Dankbarkeit als wirksame Erkenntnis
So wundert es wenig, dass einer der Höhepunkte der zweistündigen Wanderung vom Kirchplatz über die Lerchenhaube und den Herrnberg, die Schusshütte und den Petersplatz das Holzkreuz oberhalb der Schützmulde war. Josef Schütz (der aus der dortigen Landwirtschaft stammende Onkel von Josef Schütz) hatte trotz seiner 80 Lenze den beschwerlichen Aufstieg gemeistert und berichtete den Teilnehmern, dass er das Kreuz errichtet habe, weil er und die seinen die Bewirtschaftung der Hofstelle in Hanglage ohne schwere Verletzungen überstanden haben.
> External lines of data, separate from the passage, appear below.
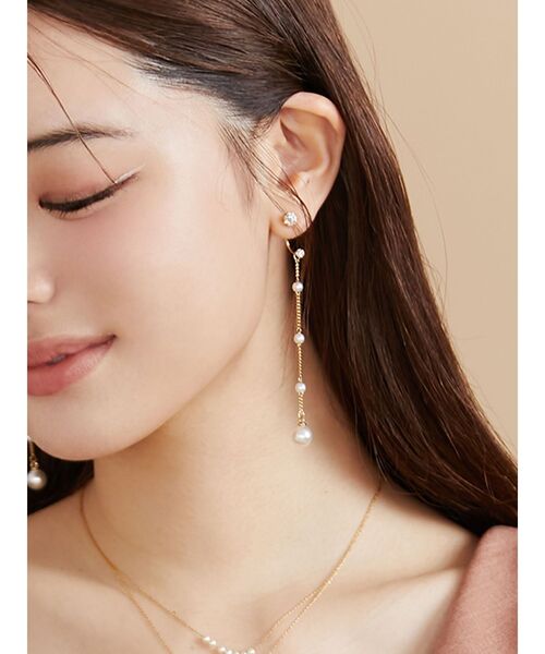 ストーンとパールのロングピアス揺れ感が可愛く、動くたびにキラキラとした印象に。顔周りを華やかに見せてくれ、デイリー使いはもちろん特別なシーンにもオススメです◎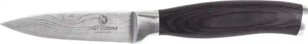 Aus strapazierfähigem Klingenstahl > Geschmiedete, eisgehärtete Klinge > Von Hand geschliffen und poliert > Gelaserte Oberfläche in Damast-Optik > Klingenlänge ca. 9 cm > Griff aus Pakkaholz und Edelstahl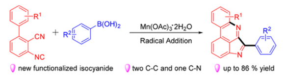 A Mn(III) mediated cascade cyclization of new designed multifunctionalized 3-isocyano-[1,1′-biphenyl]-2-carbonitrile with arylboronic acid to construct pyrrolopyridine derivatives is developed. A series of pyrroloporidine compounds have been constructed through the formation of two new C–C bonds and one C–N bond via a radical pathway.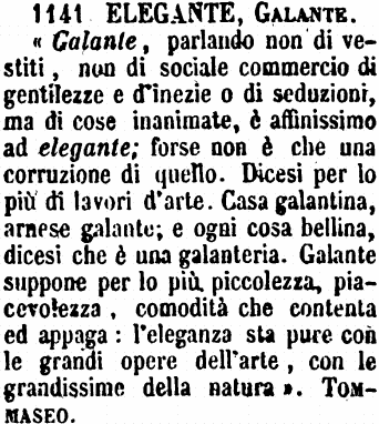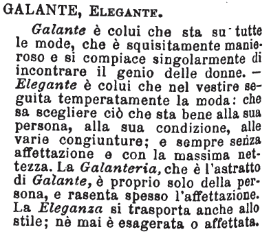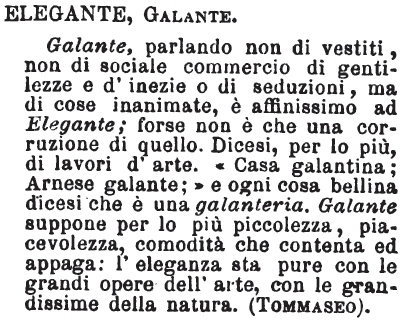 | Elegante, Galante - «Galante, parlando non di vestiti, non di sociale commercio di gentilezze e d'inezie o di seduzioni, ma di cose inanimate, è affinissimo ad elegante; forse non è che una corruzione di quello. Dicesi per lo più di lavori d'arte. Casa galantina, arnese galante; e ogni cosa bellina, dicesi che è una galanteria. Galante suppone per lo più piccolezza, piacevolezza, comodità che contenta ed appaga: l'eleganza sta pure con le grandi opere dell'arte, con le grandissime della natura». Tommaseo. [immagine] |

Geografie zwischen Wald und Strom
Josef Schütz – nun also der Wanderführer – zeigte anhand des Fleckerls mit der großartigen Aussicht von der Brennberger Burg im Westen bis weit ins Donaugau hinein, wie sehr das ursprüngliche Wörth von seiner Geografie „zwischen Wald und Strom“ geprägt wurde und noch heute profitiert – als Industriestandort und Verkehrsknotenpunkt einerseits und als landschaftlich reizvolles, vor Leben sprudelndes Naherholungsgebiet andererseits.Der Weg in dieses herbstlich strahlende Hier und Jetzt war freilich ein steiniger; Josef Schindler las unter anderem an der „Stukabahn“, einem Hang der Lerchenhaube, aus seinen Memoiren „Saupech und Schweineglück“ über die Kindheit im Nachkriegs-Wörth. Einerseits war es für die Wörther Jugend natürlich ein Glück, weitgehend unbelastet von der durch das NS-Regime aufgeladenen Generationenschuld aufwachsen zu dürfen. Ganz unbefangen schnallte man sich die Skier unter die Füße und stürzte sich todesverachtend wie ein Sturzkampfbomber die „Stukabahn“ hinab, auch weil Nazi-Propaganda in Form alter Landserhefte noch allgegenwärtig war. Umso bitterer war dafür die Erkenntnis, als das Schweigen brach.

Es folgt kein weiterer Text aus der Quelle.